Institution des frères Julien, Laurent et Philippe comme Lecteur et Acolyte pour notre communauté par Mgr Jean-Luc Garin évêque de St Claude

Dimanche 23 août 2026, nous avions une grande assemblée à notre eucharistie dominicale puisque les fidèles de la Paroisse de Serre et Chaux, notre paroisse, étaient invités à l’Abbaye d’Acey comme le veut la tradition, de nous rassembler le dimanche qui suit la solennité de la St Bernard (20 août).

Il était heureux de se retrouver car notre évêque Mgr Jean-Luc GARIN présidait la célébration en cette circonstance particulière de l’institution comme lecteur et acolyte de trois frères

Enregistrement de l’institution de Lecteur, de l’homélie de Mgr Garin et de l’institution d’Acolyte

Dimanche 23 août 2026 – Abbaye Notre-Dame d’Acey.
Messe la communauté et la paroisse Notre-Dame de Serre et Chaux

Institution au lectorat et à l’acolytat des frères Julien, Laurent et Philippe.

21e dimanche du temps ordinaire — année A

Chers frères et sœurs,

La double question que Jésus posa à ses disciples, il y a deux mille ans, près de Césarée de Philippe, nous est posée à nous aussi, disciples d’aujourd’hui : « Au dire des gens, qui est le Fils de l’homme ? » — « Et vous, et toi, qui dites-vous que je suis ? »

De la réponse que nous donnons à ces questions dépend en grande partie les choix et les décisions de notre vie, que nous soyons paroissiens de Serre-et-Chaux, retraitants ici à l’abbaye, ou moines cisterciens. Car si, pour nous aussi, Jésus est le Christ, le Fils du Dieu vivant, alors tout change ! Il ne s’agit plus d’une question secondaire, ou d’une option parmi d’autres. La réponse que nous apportons oriente notre existence.

Pour les disciples d’il y a deux mille ans, il ne fait aucun doute que Jésus est un homme de chair et de sang. Ils marchent avec lui, ils partagent ses repas.
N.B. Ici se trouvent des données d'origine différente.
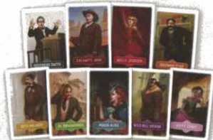
9 CHARACTER CARDS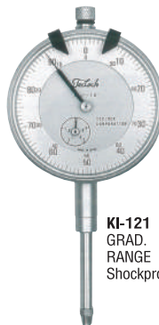
KI-121 GRAD. 0.001" RANGE 1" Shockproof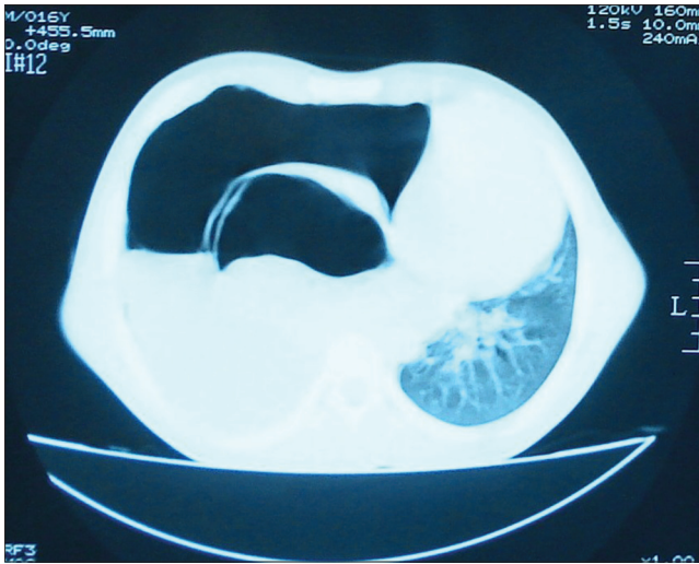
Figure 2. The view of perforated cyst causing right hydropneumothorax on thoracic tomography.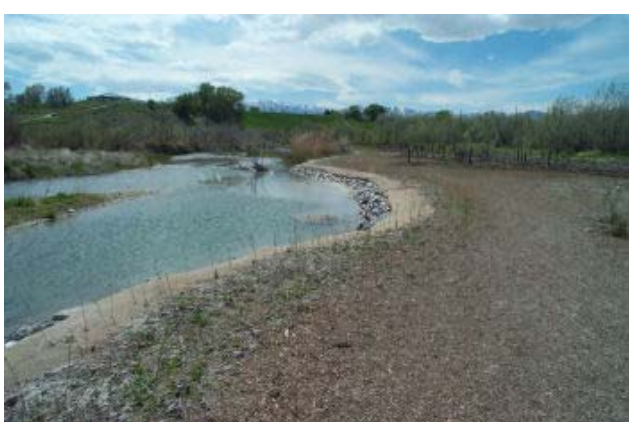
Riverbend restoration site along the Jordan River after construction (2002)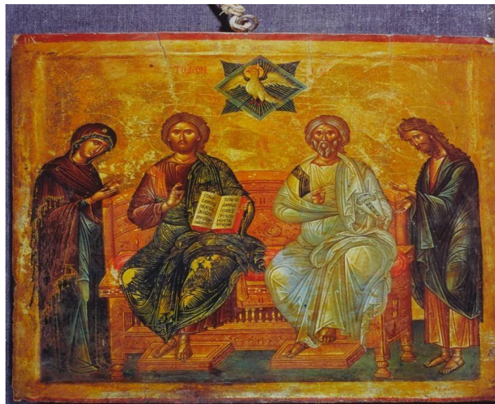
[FIGURE 8]: Trinity-Deisis Icon, St. Catherine Monastery

This unique icon shows a representation of the Deisis with the Holy Trinity including the Father, the Son, and the Holy Spirit. The Christ is enthroned as usual but, to his left, sits an old bearded man representing God (the Father) who makes the gesture of blessing with his right hand. The Holy Spirit takes the form of a dove, which releases light rays and hovers over them both. The Virgin and St. John are represented in the usual form. 49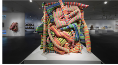
Installation view of Marta Minujin: Arte! Arte! Arte! at the Jewish Museum, NY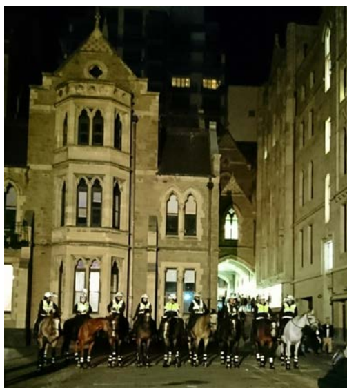
Stop horsing around - Mounted Police on standby next to Rotary Rest Centre at White Night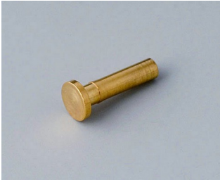
A9193030 Contact pin gold-plated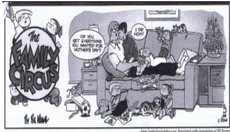
from JoyfulNoiseletter.com Reprinted with permission of E! Entertainment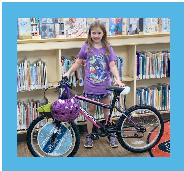
Winner of the TDSRC Grand Prize bike!

Thank you to our generous sponsors for supporting special Library initiatives throughout 2025.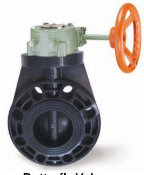
Butterfly Valve (Worm Gear Type)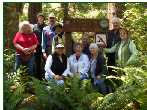
A few of the volunteers who helped with the first collection of cuttings and seeds.

The newest CGCI Project is to help provide funding to propagate 300 rare, native azaleas from cuttings and seeds and then replanted in the same area. The project goal is to raise $6,000 to cover the propagation expenses.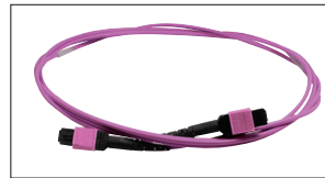
OM4 MTP Back-bone Cable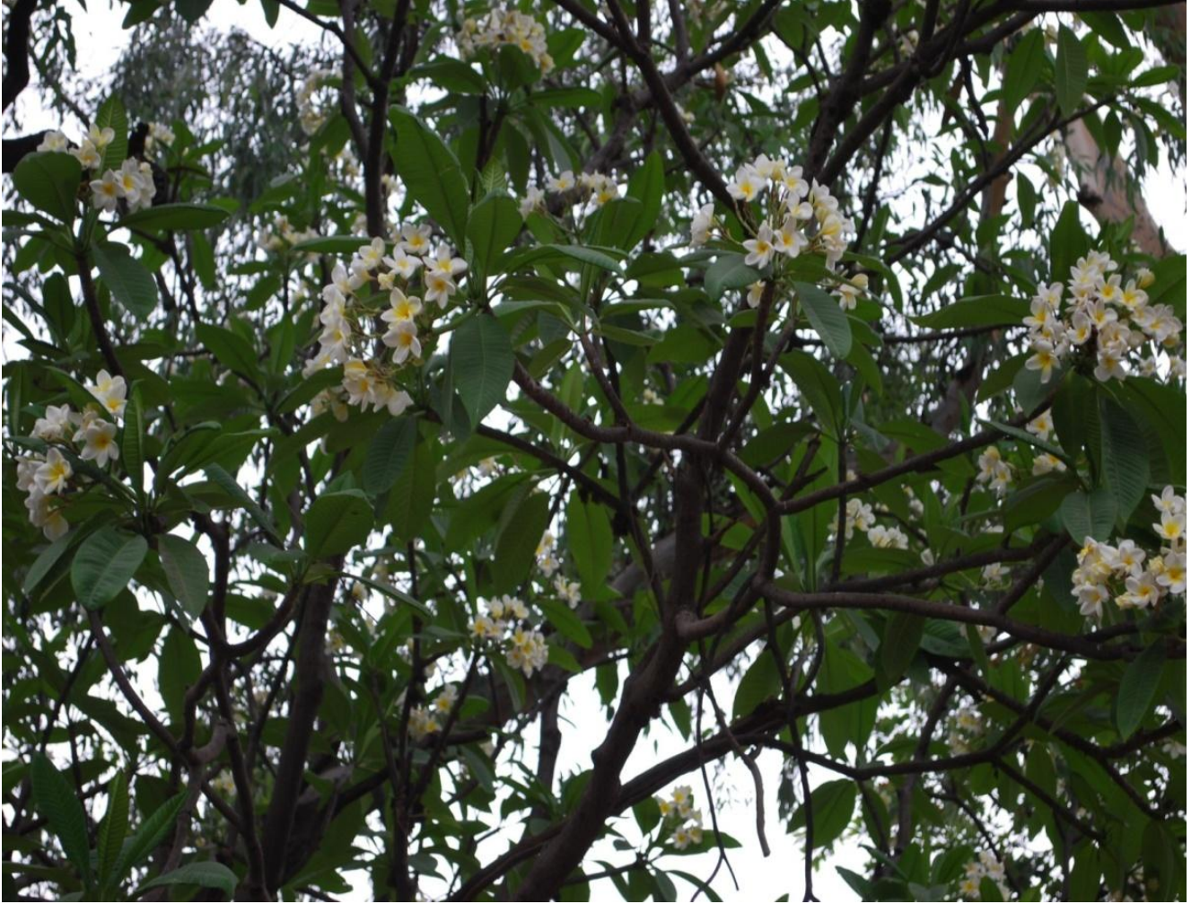
Fig. 3. Plumeria rubra L.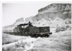
Uintah Railroad (1987.39.1)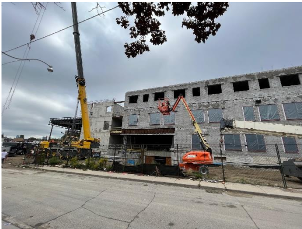
Picture take from the North elevation looking at the ramp to the underground garage.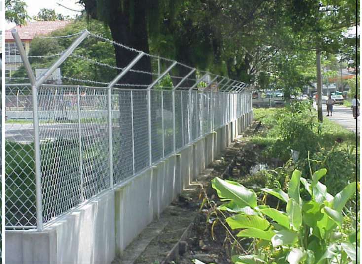
Finished sections of Hadfield Street (Left) and Manget Place (Right)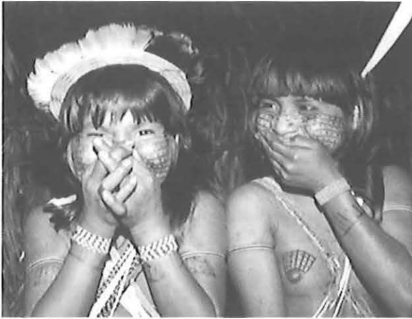
Camera conscious Mamaindê girls, 1992

Many Nambikwara groups had no significant pictorial tradition at the time of Claude Lévi-Strauss' fieldwork, and when I arrived in 1986 among the Wasusu, a rather isolated Nambikwara-speaking group, many people still did not know how to look at photographs (they held them upside down and had to make an effort to perceive the images in them before correcting their mistake). Obviously, once they learned the operation, they mocked those among them who had a difficult time looking at pictures, as it is still the case with some older people who never grew accustomed to them. Nowadays, the situation has changed completely, and one of the main expressions of the archival use of photographs is the very group Lévi-Strauss studied in greater depth: the Wakalitesu.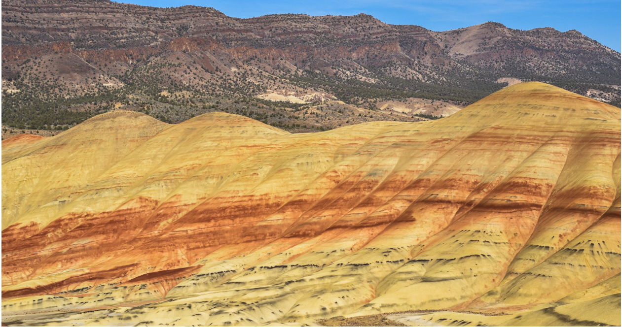
John Day Fossil Beds National Monument in Wheeler County.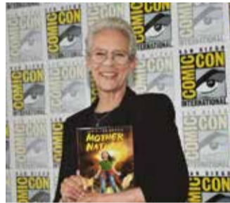
Jamie Lee Curtis

She described her original idea for the environmental nov-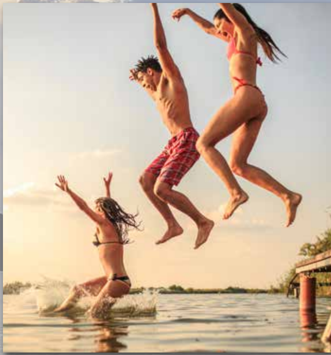
Enjoy lake life to the fullest at our Hideaway Ridge Development!

Hideaway Ridge is only 10 minutes from the Barren River State Park, and 20 minutes from Glasgow, KY with nearby access to great shopping and quality medical facilities. Entertainment options with Mammoth Cave & Bowling Green, KY are a short drive away.

Il mange et il boit, il est fatigué et il dort, il manifeste la tristesse, la joie, la colère… Et pourtant, Jésus intrigue. Qui est-il vraiment ? Quand on parcourt les Évangiles, on s’aperçoit que tout le monde, tôt ou tard, se pose la question.

  • La foule : à l’entrée de Jésus à Jérusalem, « toute la ville fut en proie à l’agitation, et disait : “Qui est cet homme ?” » (Mt 21, 10). Et déjà, dans la même ville, elle se divisait à son sujet : « C’est vraiment lui, le Prophète annoncé ! » — « C’est lui, le Christ ! » — « Le Christ peut-il venir de Galilée ? » (Jn 7, 40-43).
  • Les disciples : après la tempête apaisée, « saisis d’une grande crainte, ils se disaient entre eux : “Qui est-il donc, celui-ci, pour que même le vent et la mer lui obéissent ?” » (Mc 4, 41) — question que Jésus finira par leur retourner (cf. Lc 9, 20).
  • Sa propre famille : « Les gens de chez lui, l’apprenant, vinrent pour se saisir de lui, car ils affirmaient : “Il a perdu la tête” » (Mc 3, 21). À Nazareth, on s’étonne : « D’où cela lui vient-il ?… N’est-il pas le charpentier, le fils de Marie ? » (Mc 6, 2-3). Et Jean note que « ses frères eux-mêmes ne croyaient pas en lui » (Jn 7, 5).
  • Les pharisiens : devant le paralysé pardonné, « les scribes et les pharisiens se mirent à raisonner : “Qui est-il, celui-là ? Il dit des blasphèmes ! Qui donc peut pardonner les péchés, sinon Dieu seul ?” » (Lc 5, 21).
  • Hérode Antipas : « il ne savait que penser… “Jean, je l’ai fait décapiter. Mais qui est cet homme dont j’entends dire de telles choses ?” » (Lc 9, 7-9).
  • Et même Jean-Baptiste, du fond de sa prison, envoie ses disciples lui demander : « Es-tu celui qui doit venir, ou devons-nous en attendre un autre ? » (Mt 11, 2-3).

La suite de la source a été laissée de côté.